[Records from a data source]
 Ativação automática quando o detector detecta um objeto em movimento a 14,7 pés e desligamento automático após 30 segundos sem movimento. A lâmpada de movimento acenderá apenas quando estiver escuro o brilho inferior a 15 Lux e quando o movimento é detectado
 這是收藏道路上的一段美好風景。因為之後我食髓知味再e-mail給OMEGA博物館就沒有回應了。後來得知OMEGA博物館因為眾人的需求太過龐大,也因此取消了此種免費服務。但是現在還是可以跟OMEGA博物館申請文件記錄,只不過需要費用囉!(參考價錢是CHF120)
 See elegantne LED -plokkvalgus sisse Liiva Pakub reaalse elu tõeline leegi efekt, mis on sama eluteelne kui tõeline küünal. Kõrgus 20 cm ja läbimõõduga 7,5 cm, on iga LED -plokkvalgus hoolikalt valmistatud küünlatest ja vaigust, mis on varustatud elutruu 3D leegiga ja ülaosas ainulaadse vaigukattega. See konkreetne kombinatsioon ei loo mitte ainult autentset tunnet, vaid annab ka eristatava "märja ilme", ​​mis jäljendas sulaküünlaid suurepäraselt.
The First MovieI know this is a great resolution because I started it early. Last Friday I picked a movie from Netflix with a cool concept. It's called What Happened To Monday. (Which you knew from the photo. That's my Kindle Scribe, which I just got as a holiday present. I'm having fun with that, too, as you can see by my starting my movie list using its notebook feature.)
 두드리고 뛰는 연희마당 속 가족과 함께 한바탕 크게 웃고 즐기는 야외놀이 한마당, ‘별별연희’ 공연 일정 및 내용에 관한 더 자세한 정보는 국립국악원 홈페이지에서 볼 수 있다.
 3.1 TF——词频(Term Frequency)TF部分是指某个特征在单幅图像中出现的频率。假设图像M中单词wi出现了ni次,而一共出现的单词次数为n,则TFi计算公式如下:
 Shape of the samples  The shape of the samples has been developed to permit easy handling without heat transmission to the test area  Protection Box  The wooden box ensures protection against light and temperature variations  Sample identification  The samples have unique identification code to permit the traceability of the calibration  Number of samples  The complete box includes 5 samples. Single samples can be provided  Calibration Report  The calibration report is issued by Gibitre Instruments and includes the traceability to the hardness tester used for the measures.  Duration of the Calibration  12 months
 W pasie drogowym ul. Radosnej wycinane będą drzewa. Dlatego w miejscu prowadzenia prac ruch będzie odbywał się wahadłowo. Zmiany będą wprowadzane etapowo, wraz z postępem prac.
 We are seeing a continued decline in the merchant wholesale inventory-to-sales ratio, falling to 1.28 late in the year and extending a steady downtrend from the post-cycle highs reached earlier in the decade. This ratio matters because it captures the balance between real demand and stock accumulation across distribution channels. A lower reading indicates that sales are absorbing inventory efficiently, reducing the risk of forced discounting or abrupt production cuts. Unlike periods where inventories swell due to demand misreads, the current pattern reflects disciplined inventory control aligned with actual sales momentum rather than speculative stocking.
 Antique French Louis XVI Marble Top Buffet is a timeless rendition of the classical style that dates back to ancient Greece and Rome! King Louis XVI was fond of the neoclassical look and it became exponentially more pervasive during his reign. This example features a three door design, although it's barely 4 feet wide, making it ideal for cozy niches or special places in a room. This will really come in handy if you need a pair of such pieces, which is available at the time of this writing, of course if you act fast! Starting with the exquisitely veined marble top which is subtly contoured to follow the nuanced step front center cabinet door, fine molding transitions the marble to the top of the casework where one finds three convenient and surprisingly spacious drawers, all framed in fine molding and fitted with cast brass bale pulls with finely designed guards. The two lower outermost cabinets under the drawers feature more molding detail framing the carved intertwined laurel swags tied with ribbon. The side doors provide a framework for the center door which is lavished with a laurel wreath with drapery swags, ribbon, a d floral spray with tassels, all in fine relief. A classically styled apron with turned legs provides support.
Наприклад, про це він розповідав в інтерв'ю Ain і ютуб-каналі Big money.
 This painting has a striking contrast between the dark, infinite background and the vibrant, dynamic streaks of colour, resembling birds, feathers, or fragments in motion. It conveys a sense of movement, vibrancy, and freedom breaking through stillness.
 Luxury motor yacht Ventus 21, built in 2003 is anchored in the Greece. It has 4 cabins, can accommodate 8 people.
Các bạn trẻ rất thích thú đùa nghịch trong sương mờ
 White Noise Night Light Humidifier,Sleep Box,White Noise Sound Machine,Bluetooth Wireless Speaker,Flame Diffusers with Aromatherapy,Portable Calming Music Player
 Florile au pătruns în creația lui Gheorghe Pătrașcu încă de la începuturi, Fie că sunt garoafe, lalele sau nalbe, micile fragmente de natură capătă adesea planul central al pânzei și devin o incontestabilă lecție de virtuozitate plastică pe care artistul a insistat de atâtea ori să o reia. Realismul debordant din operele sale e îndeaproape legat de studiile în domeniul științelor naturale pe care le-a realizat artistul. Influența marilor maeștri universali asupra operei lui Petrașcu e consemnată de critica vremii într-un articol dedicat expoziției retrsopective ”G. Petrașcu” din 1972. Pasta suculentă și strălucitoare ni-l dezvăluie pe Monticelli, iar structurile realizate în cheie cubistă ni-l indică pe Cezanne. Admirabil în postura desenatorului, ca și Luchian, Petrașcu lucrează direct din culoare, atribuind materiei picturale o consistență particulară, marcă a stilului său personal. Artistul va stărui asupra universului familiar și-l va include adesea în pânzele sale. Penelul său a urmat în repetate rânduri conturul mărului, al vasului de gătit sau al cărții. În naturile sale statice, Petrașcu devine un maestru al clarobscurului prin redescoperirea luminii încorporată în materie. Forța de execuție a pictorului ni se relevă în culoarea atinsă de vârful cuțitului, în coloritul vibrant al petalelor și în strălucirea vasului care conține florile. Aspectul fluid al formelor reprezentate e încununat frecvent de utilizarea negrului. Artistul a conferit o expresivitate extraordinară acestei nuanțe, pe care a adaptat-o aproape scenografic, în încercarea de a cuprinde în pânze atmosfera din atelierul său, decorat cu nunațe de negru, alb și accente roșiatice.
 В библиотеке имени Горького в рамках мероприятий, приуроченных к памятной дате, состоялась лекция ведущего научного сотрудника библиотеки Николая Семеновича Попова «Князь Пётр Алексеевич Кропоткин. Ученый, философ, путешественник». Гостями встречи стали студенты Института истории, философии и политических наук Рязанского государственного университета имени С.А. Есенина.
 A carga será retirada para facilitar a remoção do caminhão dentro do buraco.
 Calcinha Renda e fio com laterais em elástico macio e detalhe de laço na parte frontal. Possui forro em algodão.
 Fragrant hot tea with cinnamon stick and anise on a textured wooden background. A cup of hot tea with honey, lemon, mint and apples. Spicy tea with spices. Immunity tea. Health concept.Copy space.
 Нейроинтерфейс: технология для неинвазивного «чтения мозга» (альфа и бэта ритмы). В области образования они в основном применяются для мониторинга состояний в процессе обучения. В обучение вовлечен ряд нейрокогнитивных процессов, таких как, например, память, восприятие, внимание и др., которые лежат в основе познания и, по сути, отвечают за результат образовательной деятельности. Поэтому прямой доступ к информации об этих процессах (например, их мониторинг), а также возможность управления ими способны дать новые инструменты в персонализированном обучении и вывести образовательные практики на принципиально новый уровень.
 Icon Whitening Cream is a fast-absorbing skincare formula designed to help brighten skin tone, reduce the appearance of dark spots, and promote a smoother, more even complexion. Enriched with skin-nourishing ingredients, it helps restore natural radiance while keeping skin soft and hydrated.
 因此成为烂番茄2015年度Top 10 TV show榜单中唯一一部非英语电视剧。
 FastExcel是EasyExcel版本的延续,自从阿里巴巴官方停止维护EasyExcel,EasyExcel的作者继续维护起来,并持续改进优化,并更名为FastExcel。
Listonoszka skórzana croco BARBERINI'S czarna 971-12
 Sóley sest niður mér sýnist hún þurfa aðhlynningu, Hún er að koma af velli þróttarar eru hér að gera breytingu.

## YOUR GOAL:
Every line in the data that holds the string "concept" should be copied.

## SOLUTION BELOW:
The First MovieI know this is a great resolution because I started it early. Last Friday I picked a movie from Netflix with a cool concept. It's called What Happened To Monday. (Which you knew from the photo. That's my Kindle Scribe, which I just got as a holiday present. I'm having fun with that, too, as you can see by my starting my movie list using its notebook feature.)
 Fragrant hot tea with cinnamon stick and anise on a textured wooden background. A cup of hot tea with honey, lemon, mint and apples. Spicy tea with spices. Immunity tea. Health concept.Copy space.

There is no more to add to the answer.